Work item: Retype every line from the start of the data down to and including the line with "Erkan, bu kez". Skip the pictures.
=== Collected data ===
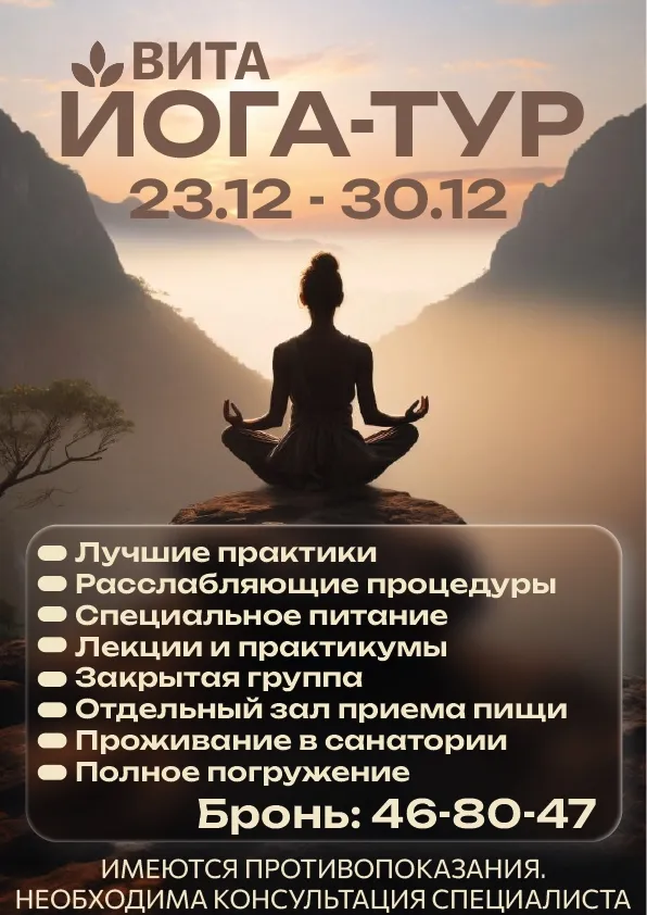 Санаторий "ВИТА" запускает уникальную программу восстановления — йога-тур "Антистресс", который пройдёт с 23 по 30 декабря. Это камерный формат для тех, кто хочет завершить год в осознанном спокойствии, снять напряжение и наполниться силами перед новым стартом.
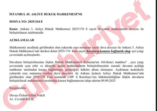 Erkan, bu kez İstanbul İl Kongresi ile Ankara’daki kurultay davasının birleştirilmesine yönelik talepte bulundu.
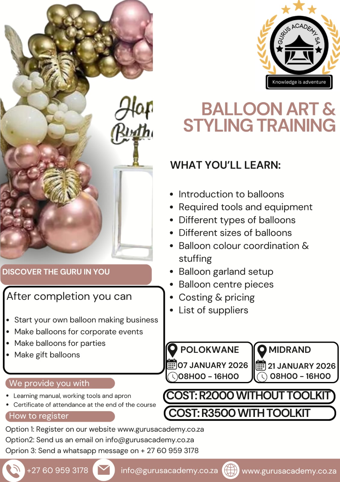 🟢 Training + Starter Kit – R3,000 ( 3 x 100 x 12” balloons, 2 x 5” balloons,1 x electric pump, 1 x hand pump)
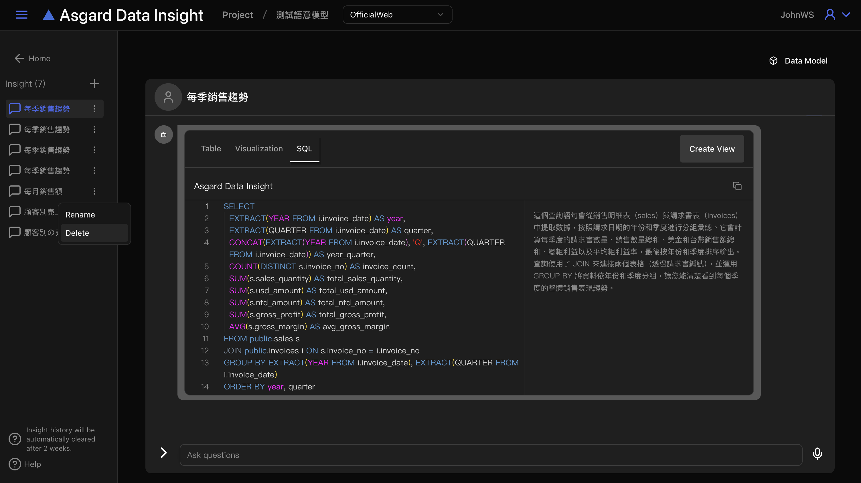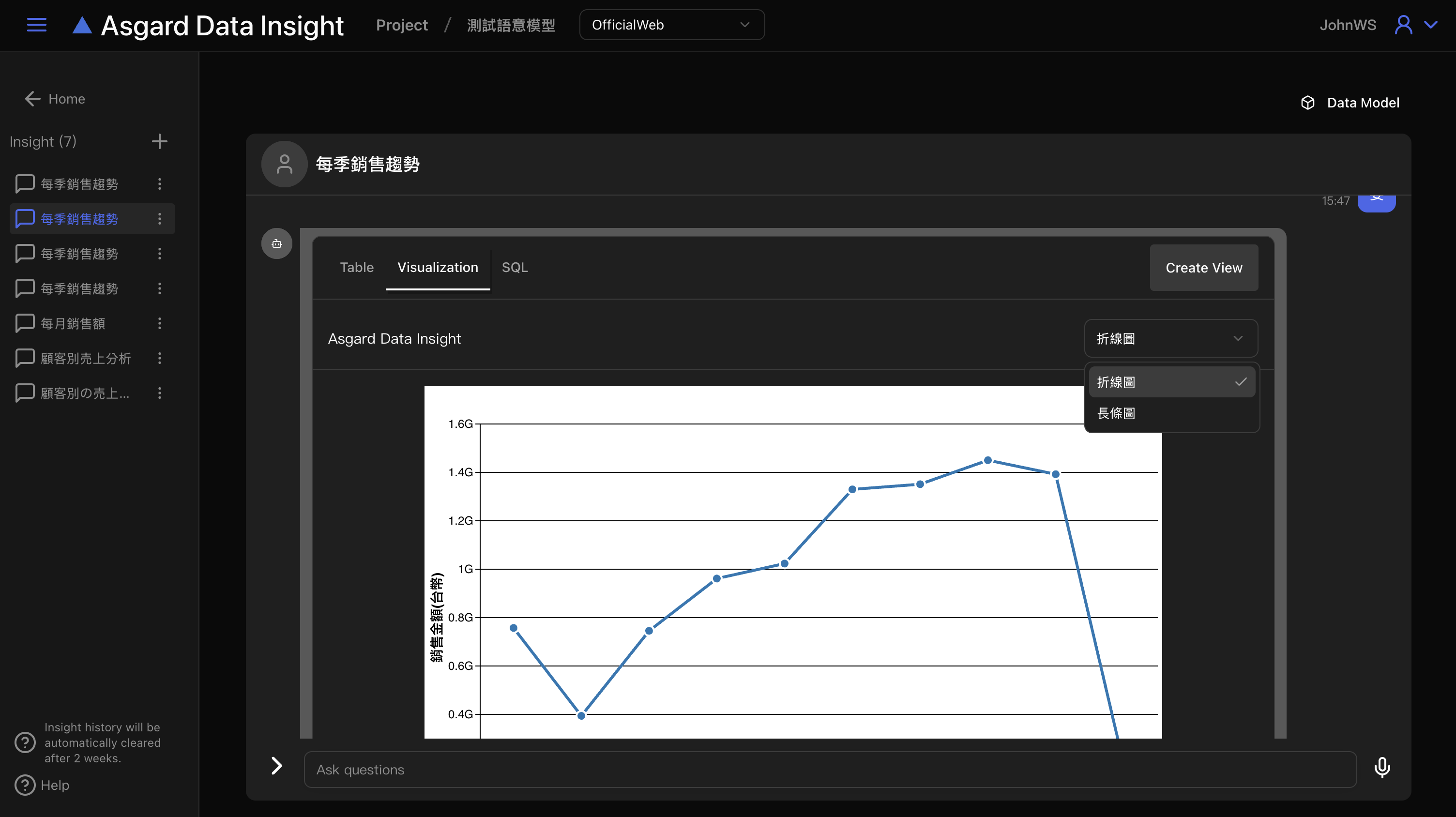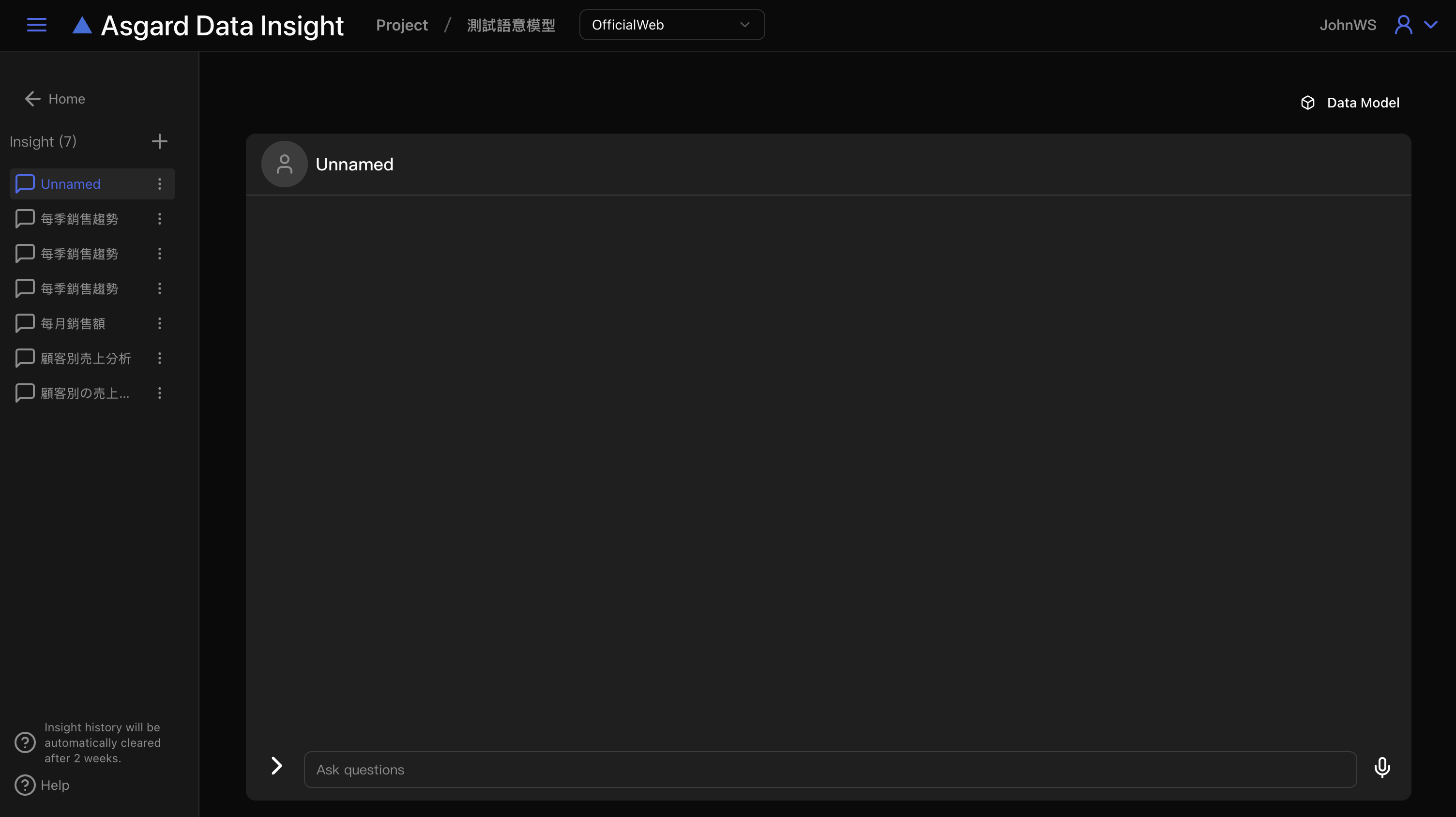 Asgard Data Insight 會自動開啟新的對話,請在底下對話框內輸入問題並送出。
===
Response area:
 Санаторий "ВИТА" запускает уникальную программу восстановления — йога-тур "Антистресс", который пройдёт с 23 по 30 декабря. Это камерный формат для тех, кто хочет завершить год в осознанном спокойствии, снять напряжение и наполниться силами перед новым стартом.
 Erkan, bu kez İstanbul İl Kongresi ile Ankara’daki kurultay davasının birleştirilmesine yönelik talepte bulundu.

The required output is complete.